▸ Work item
Using the records below, write out only the lines from the line containing "Escape to a" up to and including the line containing "Förvandla ditt barns", exactly, with no pictures.

▸ Information provided

--- --- ---

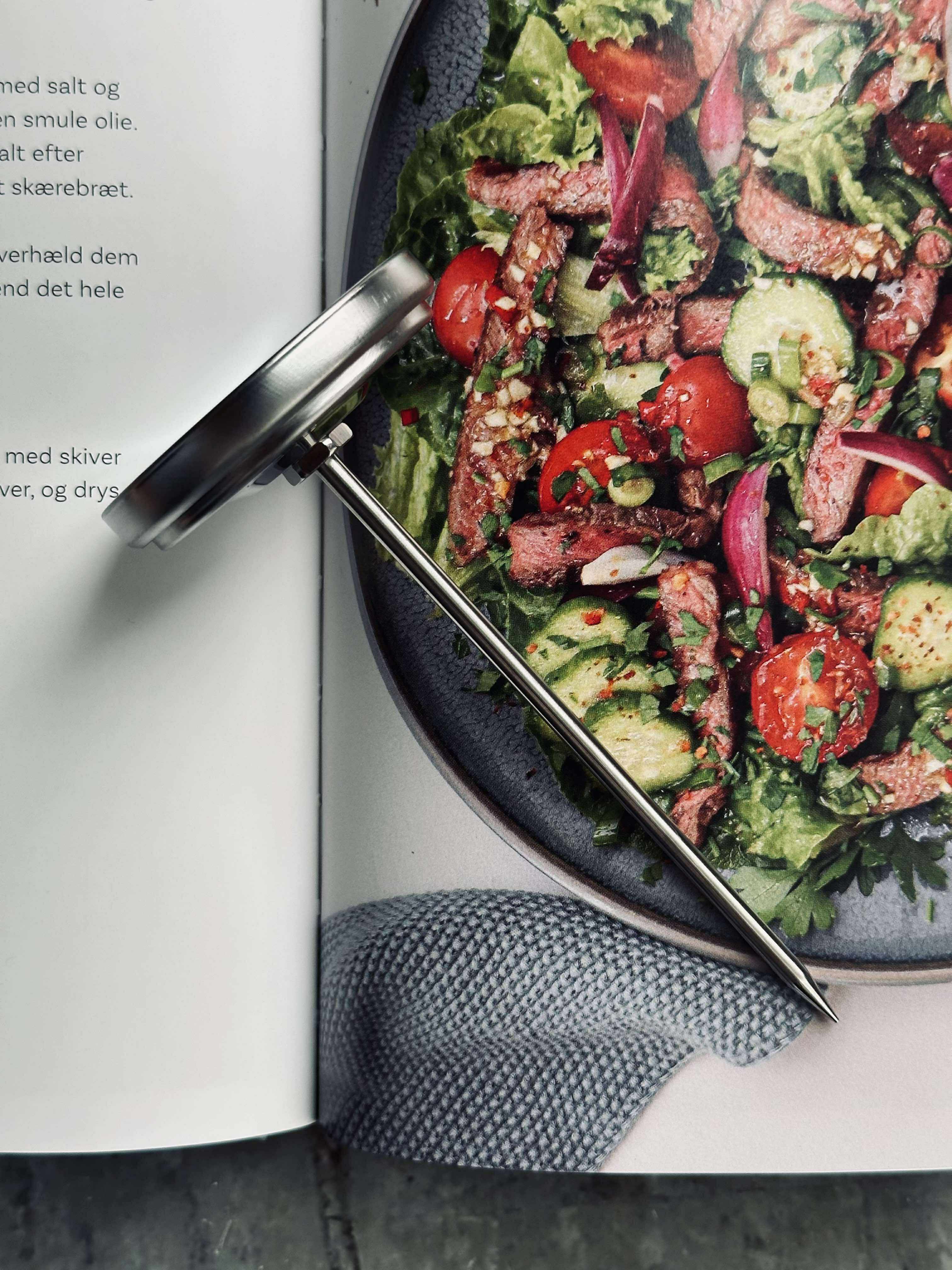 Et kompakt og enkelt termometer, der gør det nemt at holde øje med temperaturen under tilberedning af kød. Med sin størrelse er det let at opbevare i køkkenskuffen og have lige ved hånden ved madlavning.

--- --- ---

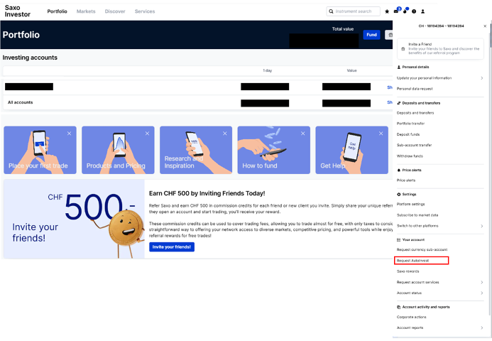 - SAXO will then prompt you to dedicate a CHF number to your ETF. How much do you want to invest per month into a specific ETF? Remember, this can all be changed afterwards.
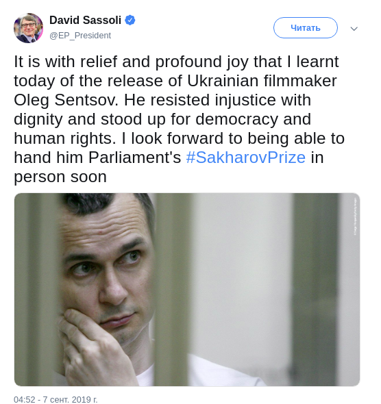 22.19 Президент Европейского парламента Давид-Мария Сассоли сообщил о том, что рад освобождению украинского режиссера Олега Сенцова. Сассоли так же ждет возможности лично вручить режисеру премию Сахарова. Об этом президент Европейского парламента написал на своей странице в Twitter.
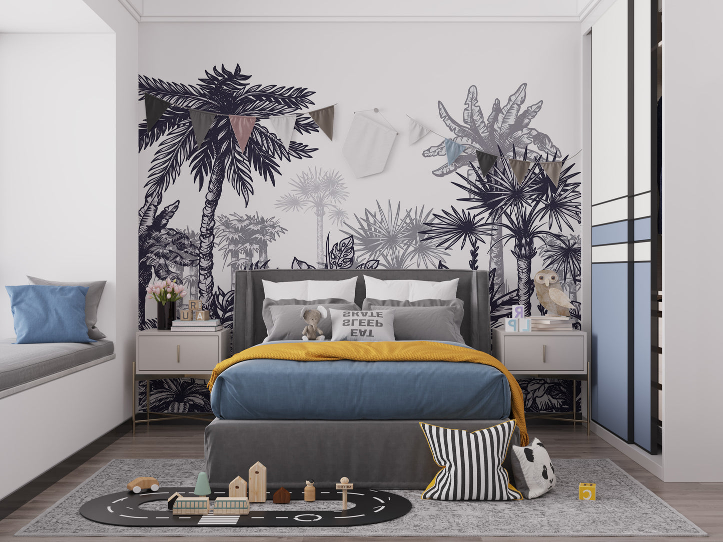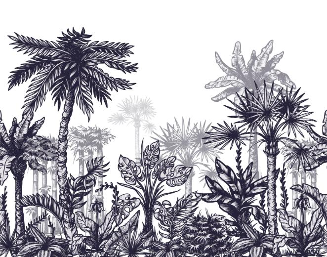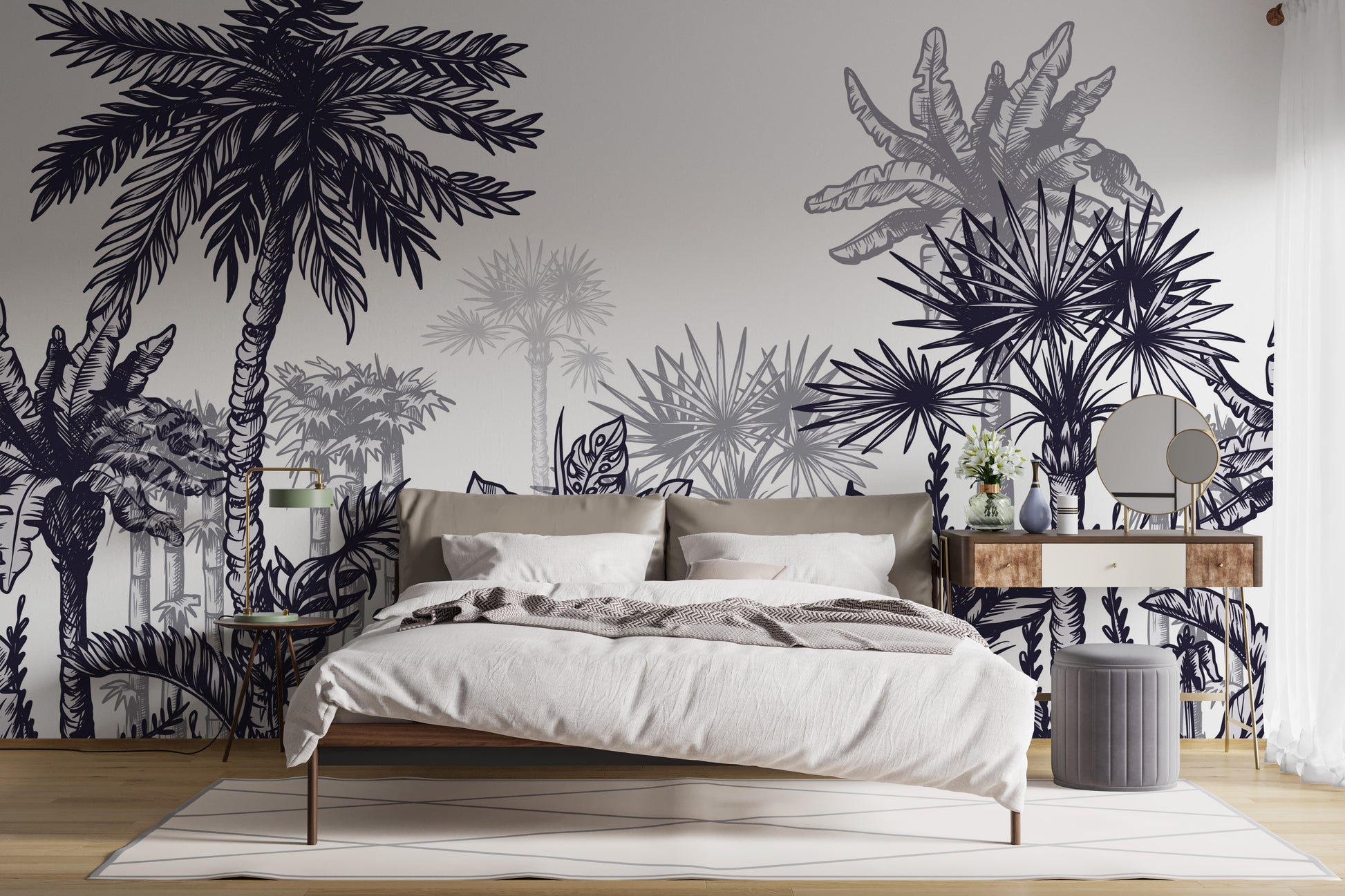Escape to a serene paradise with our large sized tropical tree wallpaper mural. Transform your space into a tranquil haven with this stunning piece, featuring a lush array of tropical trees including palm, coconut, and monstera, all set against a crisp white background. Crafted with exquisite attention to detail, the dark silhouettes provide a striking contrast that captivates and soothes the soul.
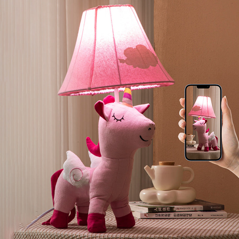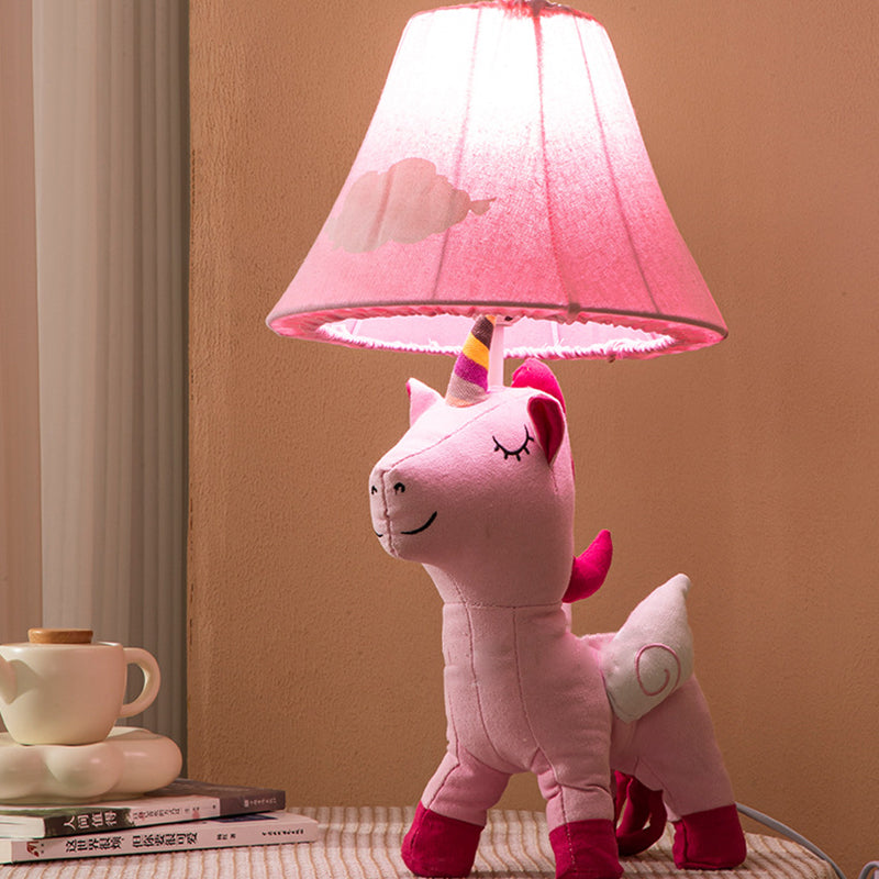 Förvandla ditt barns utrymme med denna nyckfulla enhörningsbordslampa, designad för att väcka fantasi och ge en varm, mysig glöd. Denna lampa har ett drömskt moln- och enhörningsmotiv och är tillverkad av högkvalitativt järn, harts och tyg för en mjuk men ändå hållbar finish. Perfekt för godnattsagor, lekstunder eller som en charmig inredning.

--- --- ---

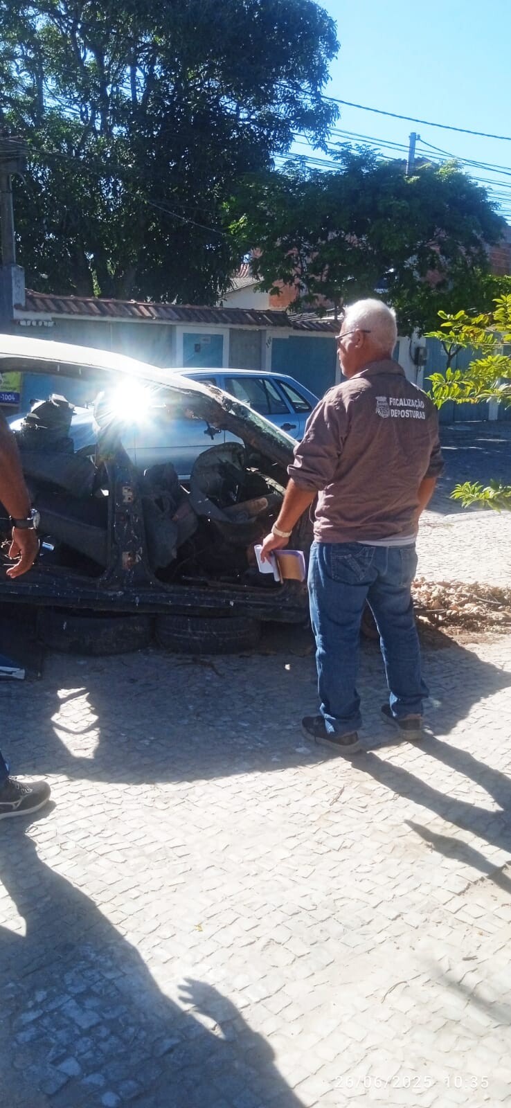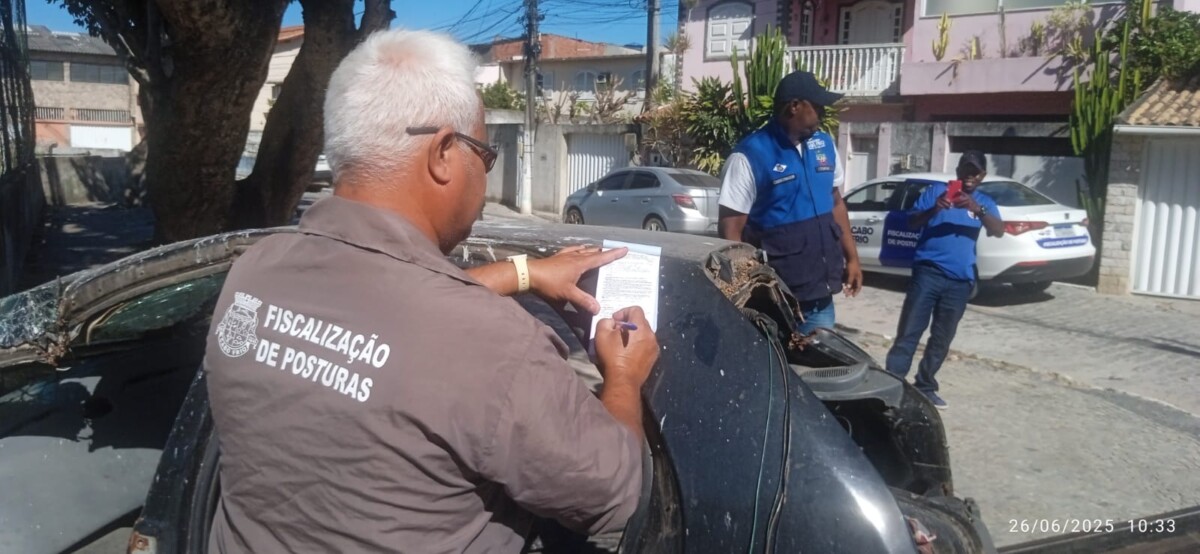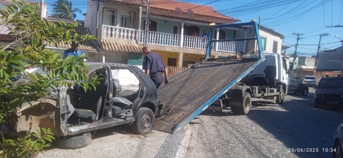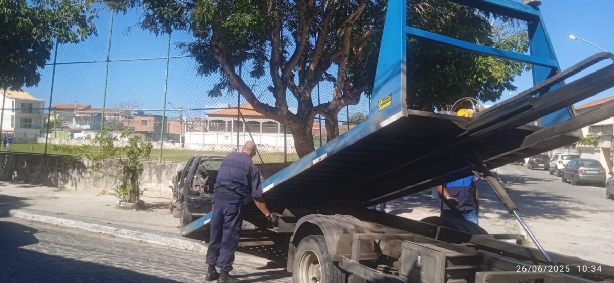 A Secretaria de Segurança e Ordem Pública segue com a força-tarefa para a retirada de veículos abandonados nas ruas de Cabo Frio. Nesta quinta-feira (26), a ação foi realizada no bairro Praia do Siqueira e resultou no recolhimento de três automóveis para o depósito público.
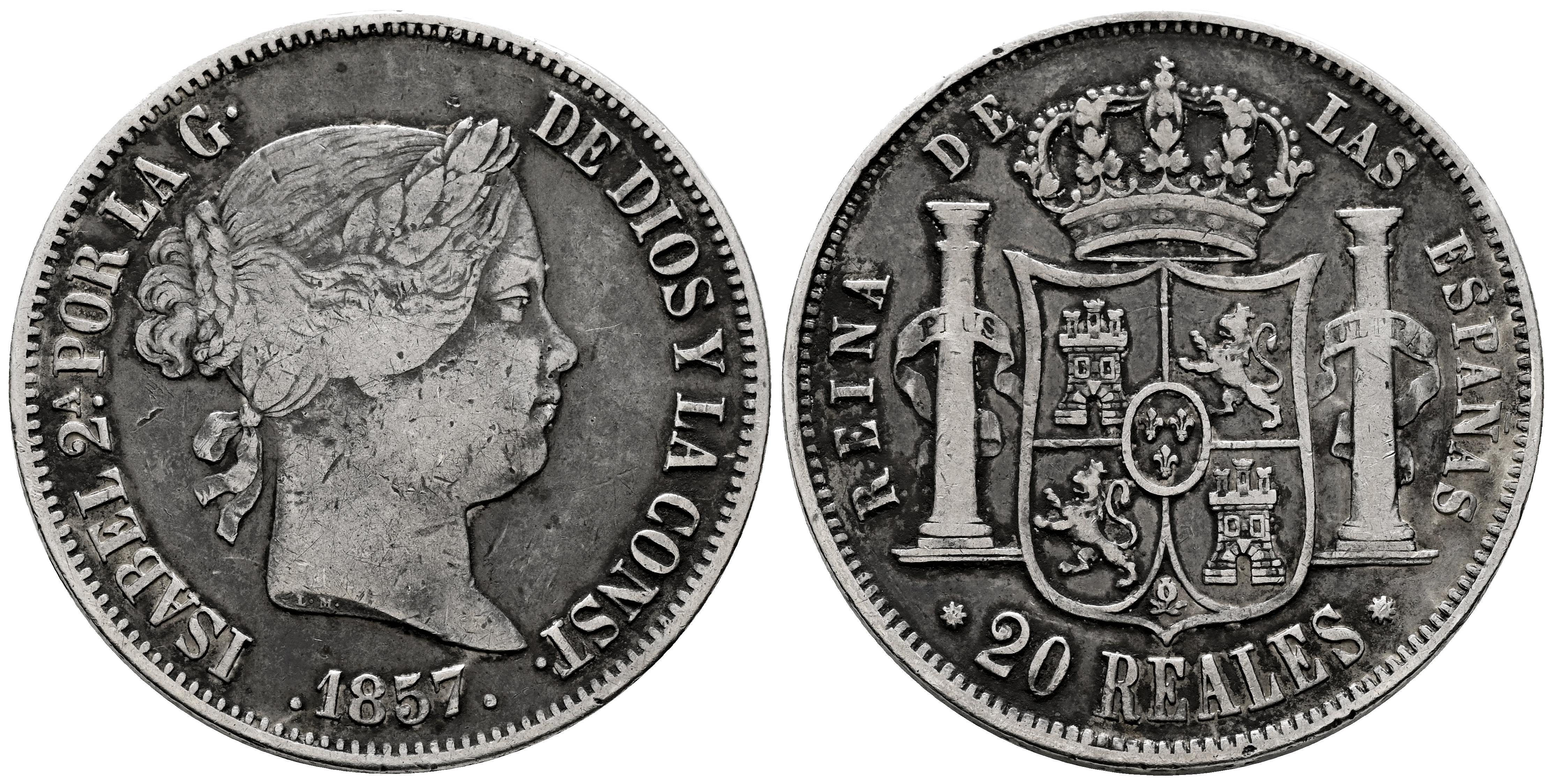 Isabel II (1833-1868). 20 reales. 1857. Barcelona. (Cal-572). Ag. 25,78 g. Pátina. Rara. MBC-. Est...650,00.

--- --- ---

▸ Task response
Escape to a serene paradise with our large sized tropical tree wallpaper mural. Transform your space into a tranquil haven with this stunning piece, featuring a lush array of tropical trees including palm, coconut, and monstera, all set against a crisp white background. Crafted with exquisite attention to detail, the dark silhouettes provide a striking contrast that captivates and soothes the soul.
 Förvandla ditt barns utrymme med denna nyckfulla enhörningsbordslampa, designad för att väcka fantasi och ge en varm, mysig glöd. Denna lampa har ett drömskt moln- och enhörningsmotiv och är tillverkad av högkvalitativt järn, harts och tyg för en mjuk men ändå hållbar finish. Perfekt för godnattsagor, lekstunder eller som en charmig inredning.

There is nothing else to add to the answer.